* [DATASET SECTION]:
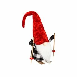 This festive gnome from Evergreen is ready to hit the slopes! Donning a vibrant red hat, it comes equipped with skis, ski poles, and a fluffy white beard. This seasonal decoration will add a whimsical touch and show off your fun personality during the holidays. Showcase on a tabletop or mantel as a wintry accent that will make your indoor decor look stunning all season long. Made of textile, wood, and stone. Size: 20H x 10W x 7D.
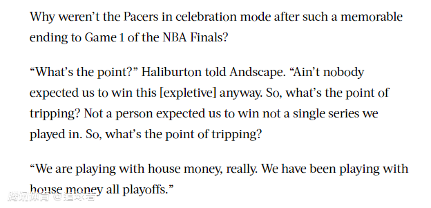 谈到总决赛G1绝杀取胜后为何球队没有在更衣室疯狂庆祝?哈利伯顿接受采访时表示:庆祝有什么意义?反正压根没人指望我们能赢下这该死的比赛。所以激动个啥?从始至终都没人觉得我们能赢下任何一轮系列赛,那现在我们又有什么好激动的?
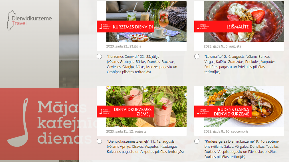 Vairāk informācijas un pieteikuma anketa -> http://www.dienvidkurzeme.travel/majas-kafejnicu-dienas/
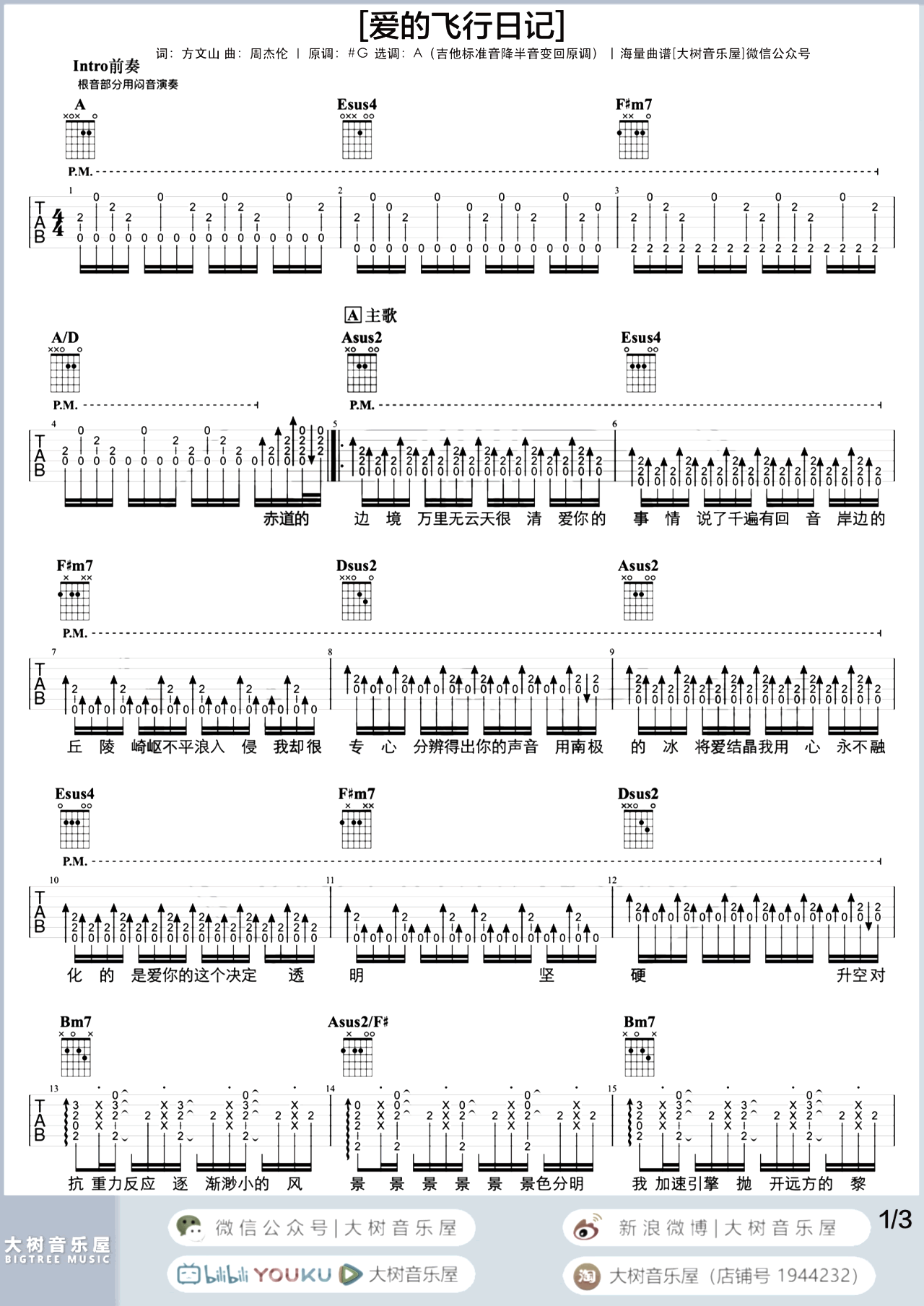 曲谱介绍: 《爱的飞行日记》吉他弹唱教学 爱的飞行日记吉他谱,方文山作词,周杰伦作曲并演唱的轻快浪漫情歌,爱的余味就好比插上双翼在满天飞行,律动感的节奏,让我们不由自主的心率上升。 《爱的飞行日记》吉他弹唱谱,超原版编配,选用A调,原调#G,标准调音降半音弹唱原调,含完整前奏,扫弦节拍是这首歌的关键,大家可参照弹唱演示+教学视频跟随老师一同练习。

* [TASK DIRECTIONS]:
Give back the whole listing exactly as it stands. No pictures belong in the copy.

* [ANSWER]:
 This festive gnome from Evergreen is ready to hit the slopes! Donning a vibrant red hat, it comes equipped with skis, ski poles, and a fluffy white beard. This seasonal decoration will add a whimsical touch and show off your fun personality during the holidays. Showcase on a tabletop or mantel as a wintry accent that will make your indoor decor look stunning all season long. Made of textile, wood, and stone. Size: 20H x 10W x 7D.
 谈到总决赛G1绝杀取胜后为何球队没有在更衣室疯狂庆祝?哈利伯顿接受采访时表示:庆祝有什么意义?反正压根没人指望我们能赢下这该死的比赛。所以激动个啥?从始至终都没人觉得我们能赢下任何一轮系列赛,那现在我们又有什么好激动的?
 Vairāk informācijas un pieteikuma anketa -> http://www.dienvidkurzeme.travel/majas-kafejnicu-dienas/
 曲谱介绍: 《爱的飞行日记》吉他弹唱教学 爱的飞行日记吉他谱,方文山作词,周杰伦作曲并演唱的轻快浪漫情歌,爱的余味就好比插上双翼在满天飞行,律动感的节奏,让我们不由自主的心率上升。 《爱的飞行日记》吉他弹唱谱,超原版编配,选用A调,原调#G,标准调音降半音弹唱原调,含完整前奏,扫弦节拍是这首歌的关键,大家可参照弹唱演示+教学视频跟随老师一同练习。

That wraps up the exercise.